The data:
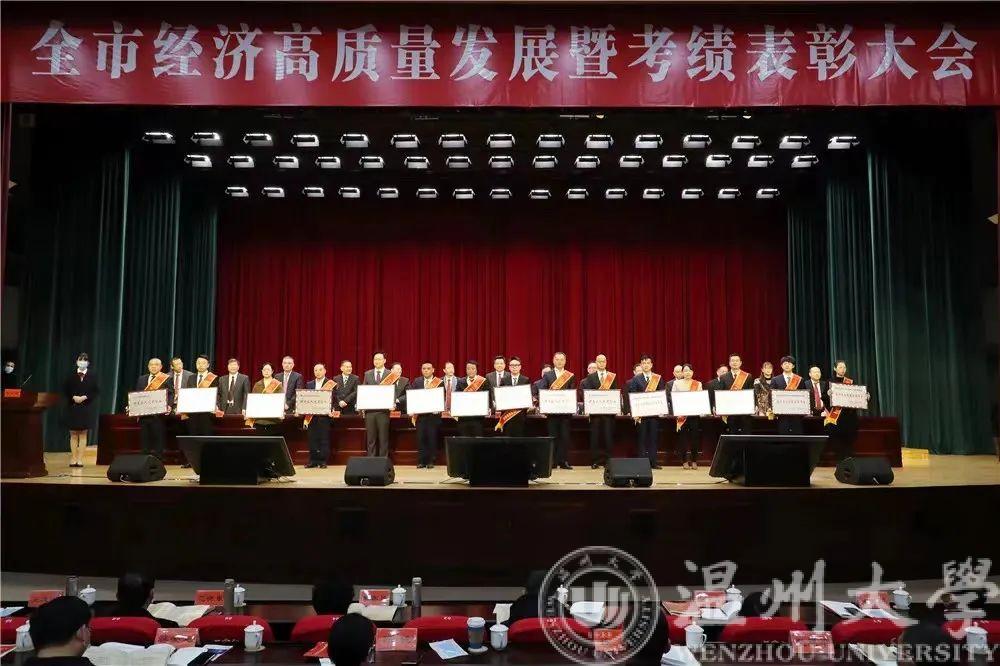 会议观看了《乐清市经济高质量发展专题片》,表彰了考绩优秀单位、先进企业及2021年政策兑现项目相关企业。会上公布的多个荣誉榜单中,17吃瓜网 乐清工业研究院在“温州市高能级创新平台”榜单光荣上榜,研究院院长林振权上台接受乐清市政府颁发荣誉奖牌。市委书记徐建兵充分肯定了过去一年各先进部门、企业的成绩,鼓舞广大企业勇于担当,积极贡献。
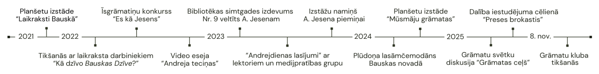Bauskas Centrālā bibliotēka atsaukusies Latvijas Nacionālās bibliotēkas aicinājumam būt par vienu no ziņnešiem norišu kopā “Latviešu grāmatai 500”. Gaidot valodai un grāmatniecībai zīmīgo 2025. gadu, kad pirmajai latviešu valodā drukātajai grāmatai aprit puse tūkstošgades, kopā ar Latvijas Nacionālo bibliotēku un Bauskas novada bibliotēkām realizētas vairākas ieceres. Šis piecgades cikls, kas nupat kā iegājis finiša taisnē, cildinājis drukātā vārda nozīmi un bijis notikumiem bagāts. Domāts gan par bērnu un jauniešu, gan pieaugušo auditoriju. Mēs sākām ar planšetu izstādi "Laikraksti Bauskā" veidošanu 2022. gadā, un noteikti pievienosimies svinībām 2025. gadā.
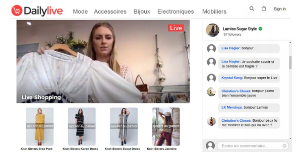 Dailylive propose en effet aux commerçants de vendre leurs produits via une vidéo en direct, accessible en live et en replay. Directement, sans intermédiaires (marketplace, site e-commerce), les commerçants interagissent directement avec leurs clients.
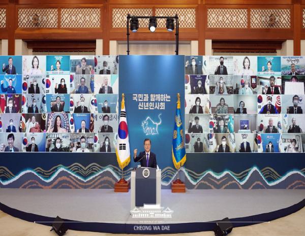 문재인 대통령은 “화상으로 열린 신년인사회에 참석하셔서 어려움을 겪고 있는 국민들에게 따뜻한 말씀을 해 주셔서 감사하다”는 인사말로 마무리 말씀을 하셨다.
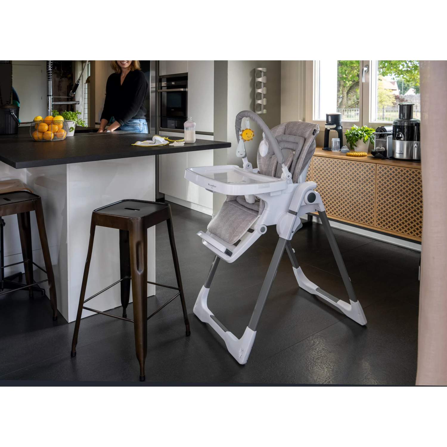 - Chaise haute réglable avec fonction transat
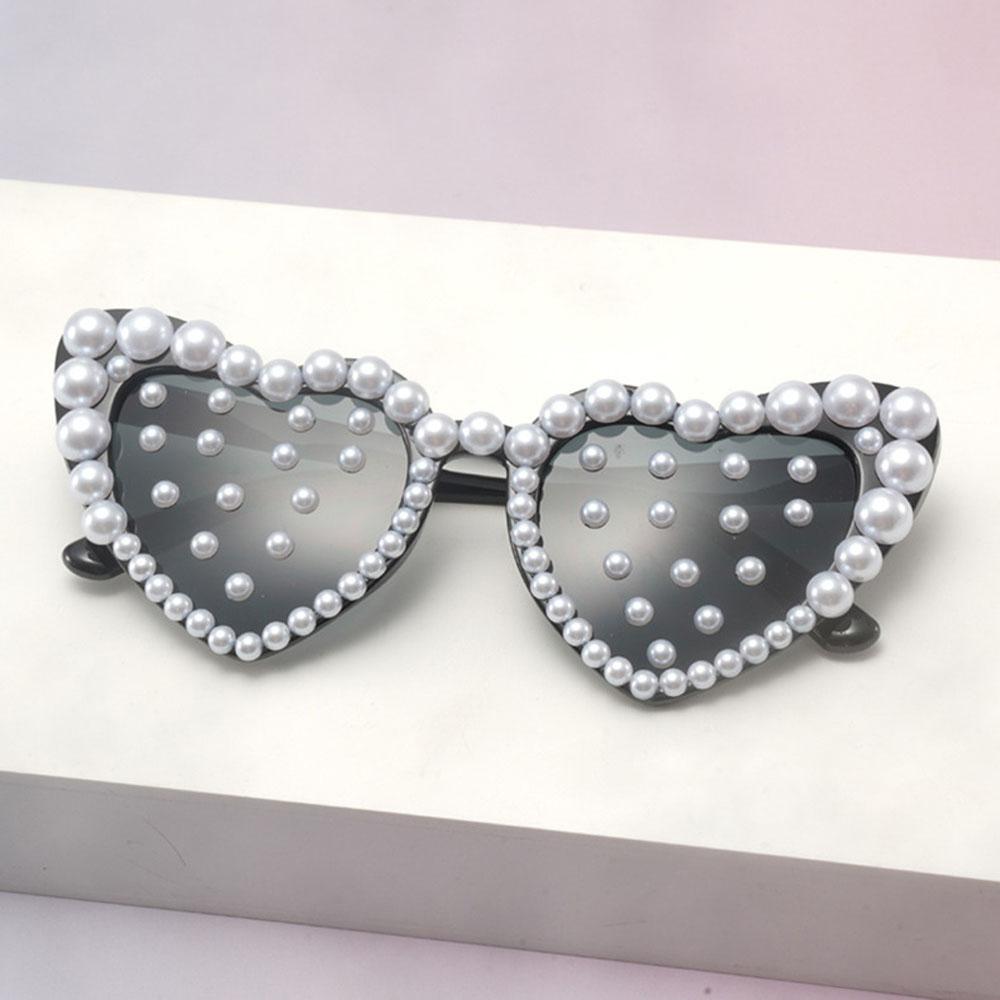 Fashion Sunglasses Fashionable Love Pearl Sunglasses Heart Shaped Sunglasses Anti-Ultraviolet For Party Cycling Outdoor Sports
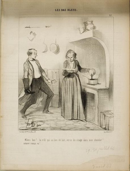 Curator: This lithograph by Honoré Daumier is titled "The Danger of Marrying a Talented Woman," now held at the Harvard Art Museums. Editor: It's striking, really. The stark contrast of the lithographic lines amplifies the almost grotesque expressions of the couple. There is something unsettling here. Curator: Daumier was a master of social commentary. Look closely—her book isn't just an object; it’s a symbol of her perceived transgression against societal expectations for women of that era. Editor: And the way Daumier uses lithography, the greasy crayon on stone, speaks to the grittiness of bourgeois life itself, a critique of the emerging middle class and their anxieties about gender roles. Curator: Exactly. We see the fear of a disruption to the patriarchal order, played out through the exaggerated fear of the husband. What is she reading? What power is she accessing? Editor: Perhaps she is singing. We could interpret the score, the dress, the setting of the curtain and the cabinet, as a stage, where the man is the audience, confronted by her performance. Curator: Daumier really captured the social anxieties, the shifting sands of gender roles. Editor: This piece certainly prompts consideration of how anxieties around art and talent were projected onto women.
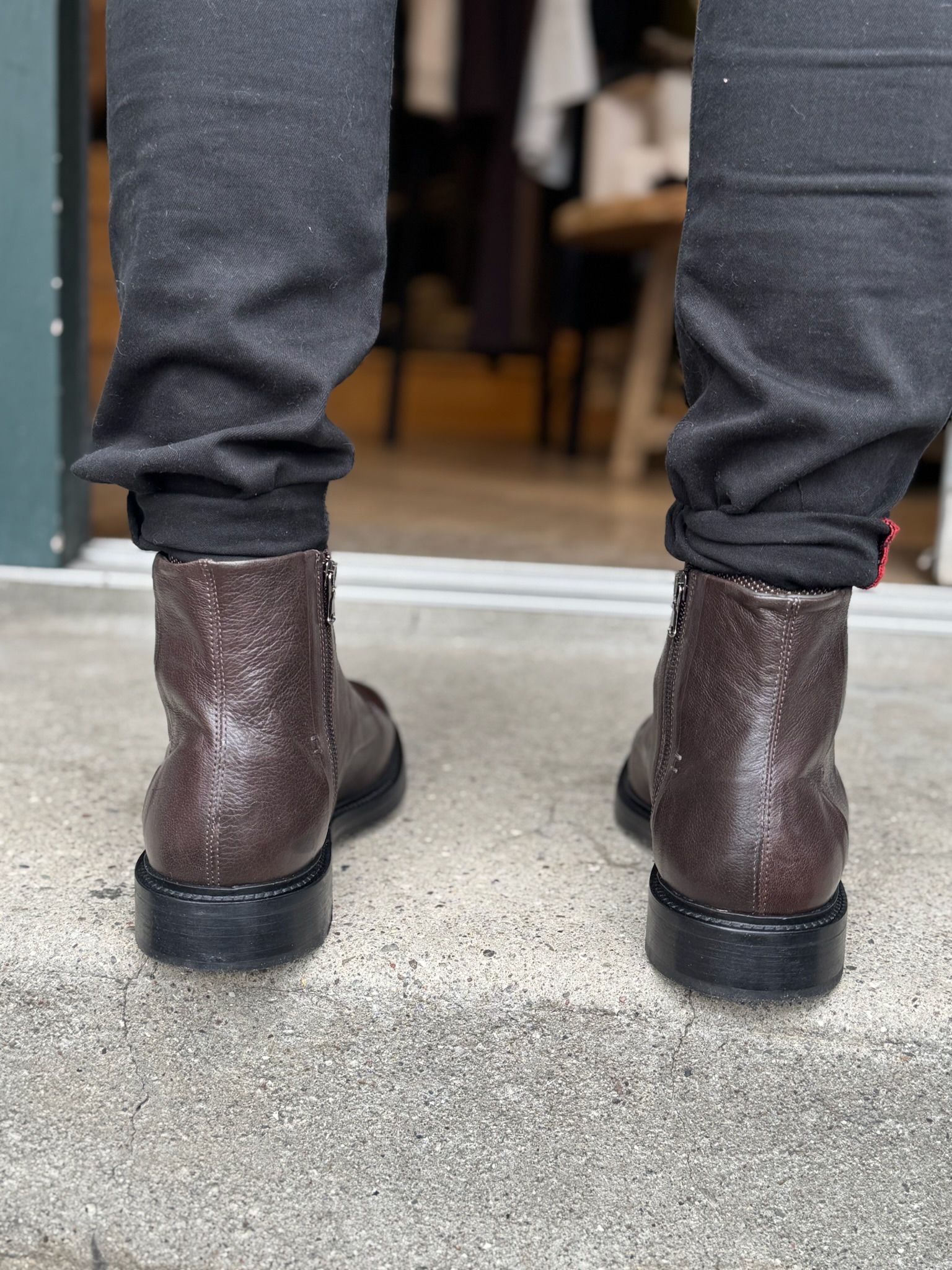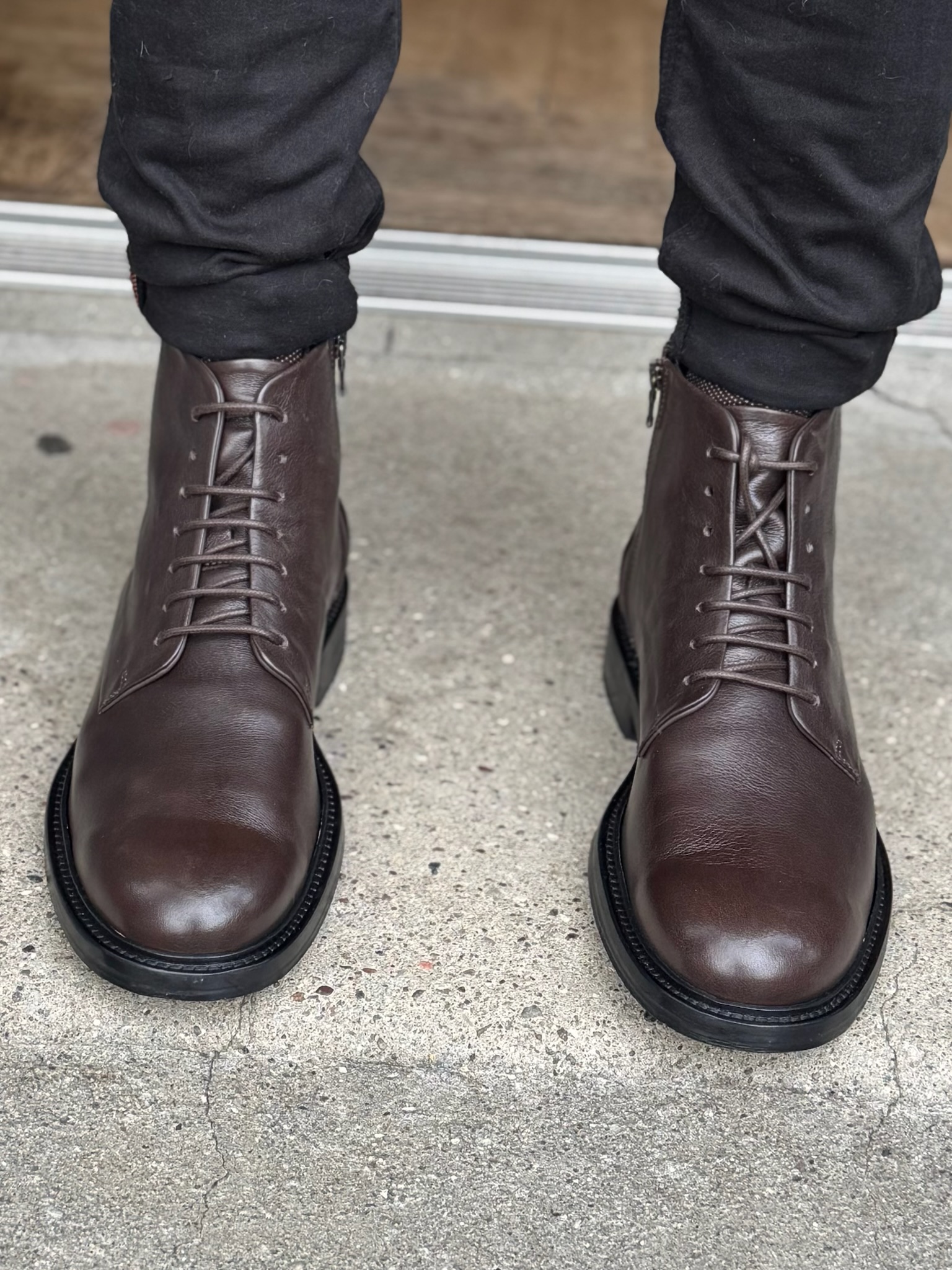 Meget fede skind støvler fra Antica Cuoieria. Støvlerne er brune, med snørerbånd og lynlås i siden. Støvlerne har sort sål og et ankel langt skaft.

Activity: Transcribe only the lines above that start at the line containing "마무리 말씀을 하셨다." and end at the line containing "Fashion Sunglasses Fashionable". Omit pictures.

Written solution:
 문재인 대통령은 “화상으로 열린 신년인사회에 참석하셔서 어려움을 겪고 있는 국민들에게 따뜻한 말씀을 해 주셔서 감사하다”는 인사말로 마무리 말씀을 하셨다.
 - Chaise haute réglable avec fonction transat
 Fashion Sunglasses Fashionable Love Pearl Sunglasses Heart Shaped Sunglasses Anti-Ultraviolet For Party Cycling Outdoor Sports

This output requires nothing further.